As well as CFTR, there is an additional anion secretory pathway in the human airway epithelium, often called the ‘alternative’ chloride conductance. This chloride conductance is regulated by calcium and termed the Calcium Activated Chloride Conductance, CaCC. The human airway CaCC was identified as TMEM16A in 2008. This CFTR-independent pathway for anion and thereby fluid secretion into the airway appears to have been somewhat overlooked in the ‘pharma clamour’ for CFTR regulators but its importance should not be underestimated. CF patients are born with dysfunctional CFTR but despite this they maintain some degree of mucociliary and cough clearance, that is the lungs manage to provide anion and fluid secretion from somewhere. Mother Nature has installed a back-up mechanism, the alternative chloride conductance, that is capable of sustaining mucus clearance even in the absence of CFTR. However, this mechanism is clearly not sufficient to maintain long-term health and eventually the lungs succumb. So from a therapeutic perspective, can we utilise this alternative chloride conductance? Actually, we are already doing it, albeit subconsciously. We now understand that CF patients gain significant benefits from regular exercise5 and one of the mechanisms believed to drive this is the alternative chloride conductance. During exercise, our rate and depth of breathing increases which induces an increase in calcium levels in the epithelium through a purinergic, P2Y-receptor mediated mechanism6. This elevation of calcium increases CaCC activity and thereby enhances anion and fluid secretion into the airway boosting mucus clearance; an important mechanism to ensure our lungs clear the extra burden of microorganisms that come with the extra volumes of inspired air on exertion.

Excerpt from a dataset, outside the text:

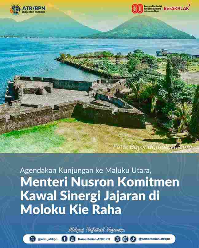 Maluku Utara menjadi provinsi ke-17 yang dikunjungi Menteri Nusron dalam rangka menunjukkan komitmennya mengawal program-program pertanahan dan tata ruang. Hal ini dilakukan karena menurutnya koordinasi erat antara jajaran Kementerian ATR/BPN dan pemerintah daerah merupakan kunci keberhasilan pengelolaan pertanahan dan tata ruang.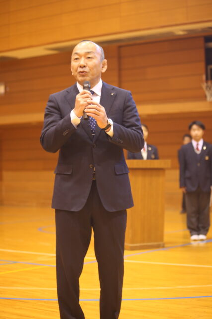 初めに髙原校長先生から、「定期テストも終了し、普段の学校生活の中ではなかなか触れられない管弦楽を通して生徒の皆さんの感性を育んでほしい」とお話しをいただきました。

So could we harness this mechanism and use it as a basis for a completely novel drug therapy for CF? With the identity of the CaCC known to be TMEM16A it is now possible to find compounds that will potentiate the activity of the channel. In essence, a TMEM16A ‘potentiator’ will sensitise the channel to intra-cellular calcium levels thereby maintaining it in an activated state for longer, enabling an enhanced fluid secretory response. As with an ENaC blocker, this approach will be agnostic to the CF patient’s mutation and will therefore be suitable for all patients. Furthermore, additive or synergistic effects with CFTR repair therapies as well as ENaC blockers would be anticipated.

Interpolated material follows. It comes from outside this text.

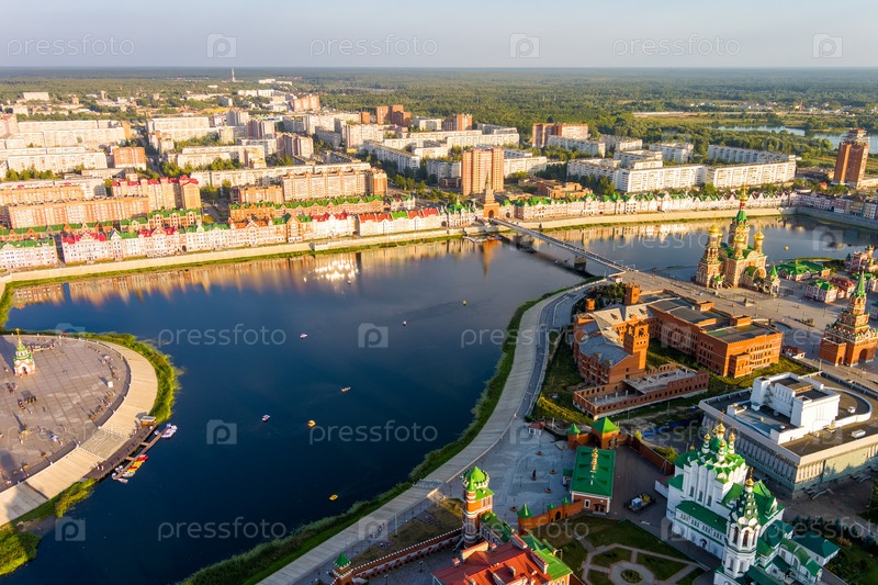 Йошкар-Ола, Россия. Панорама центра города во время заката. С высоты птичьего полета

Looking ahead to the near term, advances in pharmacotherapy for CF patients are going to continue to be largely based around CFTR-repair, focusing on the 50% of the population who are homozygous for the F508del mutation. We will eagerly await data to understand whether Orkambi does influence the natural history of the disease whilst testing the next generation of ‘corrector’ molecules, hoping for a breakthrough in clinical efficacy. In parallel, CFTR-independent therapies hold significant promise as both combinations for existing therapies, but importantly also as stand-alone treatments in their own right.

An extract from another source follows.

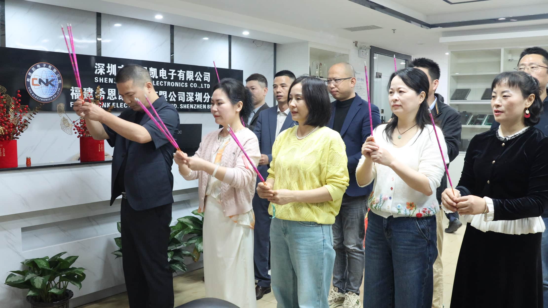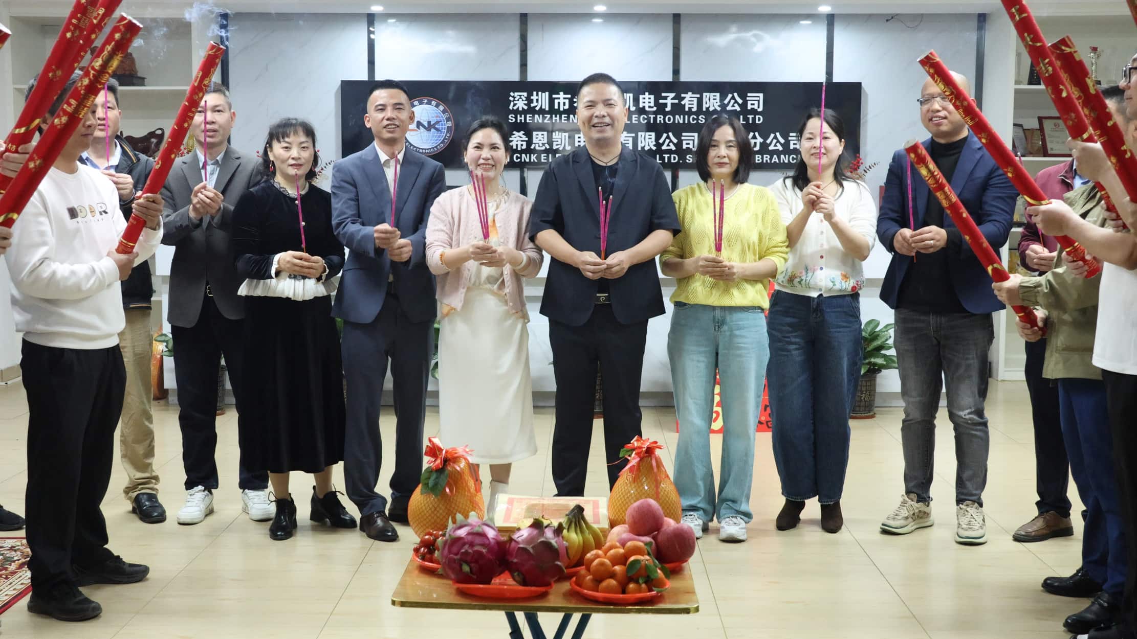 Auštant aukščiausioji įmonės vadovybė susirinko ir visus darbuotojus surengė iškilminga atidarymo ceremonija. Nuo rašomųjų stalų kilo smilkalų dūmai, o aukų buvo gausu. Tai ne tik išreiškė mūsų pagarbą dangui ir žemei, bet ir nuoširdžiai linkėjo visų darbuotojų, kad metai būtų sėkmingi su palankiu oru ir sklandžia veikla. Tarp smilkalų vadovai su dideliu atsidavimu smilkė, melsdami palaiminimo ir sėkmės įmonės didiesiems planams naujaisiais metais.

  1. Ramsey BW, Davies J, McElvaney NG, Tullis E, Bell SC, Dřevínek P, Griese M, McKone EF, Wainwright CE, Konstan MW, Moss R, Ratjen F, Sermet-Gaudelus I, Rowe SM, Dong Q, Rodriguez S, Yen K, Ordoñez C, Elborn JS; VX08-770-102 Study Group. A CFTR potentiator in patients with cystic fibrosis and the G551D mutation. N Engl J Med. 2011;365(18):1663-72
  2. Wainwright CE, Elborn JS, Ramsey BW, Marigowda G, Huang X, Cipolli M, Colombo C, Davies JC, De Boeck K, Flume PA, Konstan MW, McColley SA, McCoy K, McKone EF, Munck A, Ratjen F, Rowe SM, Waltz D, Boyle MP; TRAFFIC Study Group.; TRANSPORT Study Group. Lumacaftor-Ivacaftor in Patients with Cystic Fibrosis Homozygous for Phe508del CFTR. N Engl J Med. 2015;373(3):220-31
  3. Hirsh AJ. Altering airway surface liquid volume: inhalation therapy with amiloride and hyperosmotic agents. Adv Drug Deliv Rev. 2002;54(11):1445-62.
  4. Haberman, R, Ling M, Thelin W, van Goor, F, Higgins M, Jain M. Preclinical evidence for adding ENaC inhibition to corrector/potentiator therapy (lumacaftor/ivacaftor combination therapy) in cystic fibrosis. Ped Pulm. 2016;S45:216 (abstract)
  5. Hebestreit H. Exercise in cystic fibrosis. In: Cystic Fibrosis ed. Mall M, Elborn JS. European Respiratory Society Monograph 2014
  6. Button B, Okada SF, Frederick CB, Thelin WR, Boucher RC. Mechanosensitive ATP release maintains proper mucus hydration of airways. Sci Signal. 2013;6(279):ra46.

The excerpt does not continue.